О родина, счастливый
И неисходный час!
Нет лучше, нет красивей
Твоих коровьих глаз.
Процесс революции представляется Есенину как смешение неба с землею, совершаемое в грозе и буре:
Плечьми трясем мы небо,
Руками зыбим мрак
И в тощий колос хлеба
Вдыхаем звездный злак.
О Русь, о степь и ветры,
И ты, мой отчий дом.
На золотой повети
Гнездится вешний гром.
Овсом мы кормим бурю,
Молитвой поим дол,
И пашню голубую
Нам пашет разум-вол.
Грядущее, то, что "больше революции", - есть уже рай на земле, - и в этом раю - мужик:
Осанна в вышних!
Холмы поют про рай.
И в том раю я вижу
Тебя, мой отчий край.
Под Маврикийским дубом
Сидит мой рыжий дед,
И светит его шуба
Горохом частых звезд.
И та кошачья шапка,
Что в праздник он носил,
Глядит, как месяц, зябко
На снег родных могил.
***
Все, что в 1917-1918 годах левыми эсерами и большевиками выдавалось за "контрреволюцию", было, разумеется, враждебно Есенину. Временное правительство и Корнилов, Учредительное собрание и монархисты, меньшевики и банкиры, правые эсеры и помещики, немцы и французы - все это одинаково была "гидра", готовая поглотить загоревшуюся "Звезду Востока". Возглашая, что
В мужичьих яслях
Родилось пламя
К миру всего мира,
Есенин искренно верил, например, что именно Англия особенно злоумышляет против:
Сгинь ты, английское юдо,
Расплещися по морям!
Наше северное чудо
Не постичь твоим сынам!
Ему казалось, что Россия страдает, потому что темные силы на нее ополчились:
Господи, я верую!
Но введи в Свой рай
Дождевыми стрелами
Мой пронзенный край.
Так начинается поэма "Пришествие". Она примечательна в творчестве Есенина. В дальнейших строках Русь ему представляется тем местом, откуда приходит в мир последняя истина:
За горой нехоженой,
В синеве долин,
Снова мне, о Боже мой,
Предстает твой сын.
По тебе томлюся я
Из мужичьих мест;
Из прозревшей Руссии
Он несет свой крест.
Далее силы и события, которые, как сдается Есенину, мешают пришествию истины, даны им в образе воинов, бичующих Христа, отрекающегося Симона Петра, предающего Иуды и, наконец, Голгофы. Казалось бы, дело идет, с несомненностью, о Христе. В действительности это не так. Если мы внимательно перечтем революционные поэмы Есенина, предшествующие "Инонии", то увидим, что все образы христианского мифа здесь даны в измененных (или искаженных) видах, в том числе образ самого Христа. Это опять, как и в ранних стихах, происходит оттого, что Есенин пользуется евангельскими именами, произвольно вкладывая в них свое содержание. В действительности, в полном согласии с основными началами есенинской веры, мы можем расшифровать его псевдохристианскую терминологию и получим следующее:
Приснодева = земле = корове = Руси мужицкой.
Бог-отец = небу = истине.
Христос = сыну неба и земли = урожаю = телку = воплощению небесной истины = Руси грядущей.

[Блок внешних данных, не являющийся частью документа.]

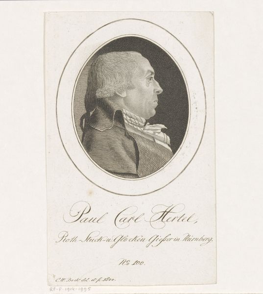 This is a portrait of Ernst Christoph Grattenauer by Christoph-Wilhelm Bock, rendered as an etching. Grattenauer was a German writer and publicist known for his conservative political views. This formal portrait, with its classical oval frame, speaks to the conventions of representing public figures at the time. Portraits like these helped establish and reinforce social hierarchies. Grattenauer’s profile, carefully detailed, emphasizes his status and respectability within Prussian society. What’s interesting here is considering how the medium of printmaking allowed for wider distribution of such images. It enabled the dissemination of political ideologies and the construction of public personas. Understanding this portrait requires that we consider not just the sitter and the artist, but also the broader social and political context of late 18th-century Prussia. We can consult period publications, archival records, and other historical sources to better understand the image. The meaning of art is always contingent on its social and institutional context.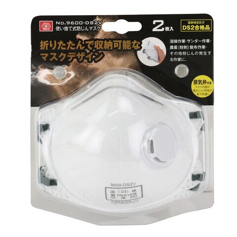 ●警告:この防じんマスクで誤った使用をされますと健康に障害を及ぼしたり声明を脅かすことがありますので、付属の説明書をよくお読みの上、ご使用ください。(使用の範囲)。このマスクは粉じんなどの粒子状の物質の発生する場所で使用する防じんマスクです。有毒ガス・蒸気や液体粒子の発生している場所及び酸素濃度18%未満の場所では使用できません。●使用上の注意:酸素濃度18%未満の場所及び有毒なガス・蒸気の発生している場所では使用できません。人によってはマスクの接触部分にアレルギー反応やかぶれを起こす事があります。その場合は使用を中止してください。使い捨てマスクの使用限度時間を把握してください。使用限度時間を超過した使い捨てマスクは廃棄してください。使い捨てマスクの汚れ・破損またはしめひもの破損が生じた場合は、使用限度時間以内であっても、新品とお取替えください。保管は清潔な乾燥した場所を選んで異物が付着しないようにしてください。マスクを洗って再使用しないでください。幼児の手の届く所、直射日光の当たる所、高温になる所には置かないでください。使用済マスクは有害物質を含んでいる可能性があります。廃棄の際は取扱いに注意してください。髪などが使い捨てマスクの性能や顔への密着性に影響を与えることがあります。●9600-DS2Vは、排気弁に穴、亀裂がないか、また、排気弁に異物が付着していないか、目視で点検してからご使用ください。●点検項目:マスクに破損または収縮や変形がないこと。マスクにはスポンジ・鼻あて。しめひも2本がついていること。9600-DS2Vは排気弁に穴・亀裂がないこと。しめひもに異常がないこと。使用限度時間に達しないこと。●廃棄:マスクが使用限度時間以内であっても型崩れ・損傷・収縮が生じた場合や目詰まりなどによって異常を感じたり息苦しくなったとき。使用限度時間に達したとき。使い捨てマスクを捨てる際はマスクの外側に直接手を触れないようしめひも部分を持ってマスクを外し、ビニール袋等に入れて口を縛ってからゴミ袋にすてるようにお願いします。また、マスクを捨てた後は石鹸を使って、流水で手をよく洗いましょう。

Для есенинского Христа распятие есть лишь случайный трагический эпизод, которому лучше бы не быть и которого могло бы не быть, если бы не... "контрреволюция". Примечательно, что в "Пришествии" подробно описаны бичевание, отречение Петра и предательство Иуды, а самое распятие, то есть хоть и временное, но полное торжество врагов, - только робко и вскользь упомянуто: это именно потому, что контрреволюция, с которой, так сказать, как с натуры, Есенин писал муки своего Христа - в действительности ни секунды не торжествовала. Так что, в сущности, есенинский Христос и не распят: распятие упомянуто ради полноты аналогии, для художественной цельности, но - вопреки исторической и религиозной правде (имею в виду религию Есенина).
Потому-то "Пришествие" и кончается как будто парадоксальным, но для Есенина вполне последовательным образом:
Холмы поют о чуде,
Про рай звенит песок.
О, верю, верю - будет
Телиться твой восток!
В моря овса и гречи
Он кинет нам телка...
Но долог срок до встречи,
А гибель так близка!
То есть верю, что постреволюция будет, но боюсь контрреволюции.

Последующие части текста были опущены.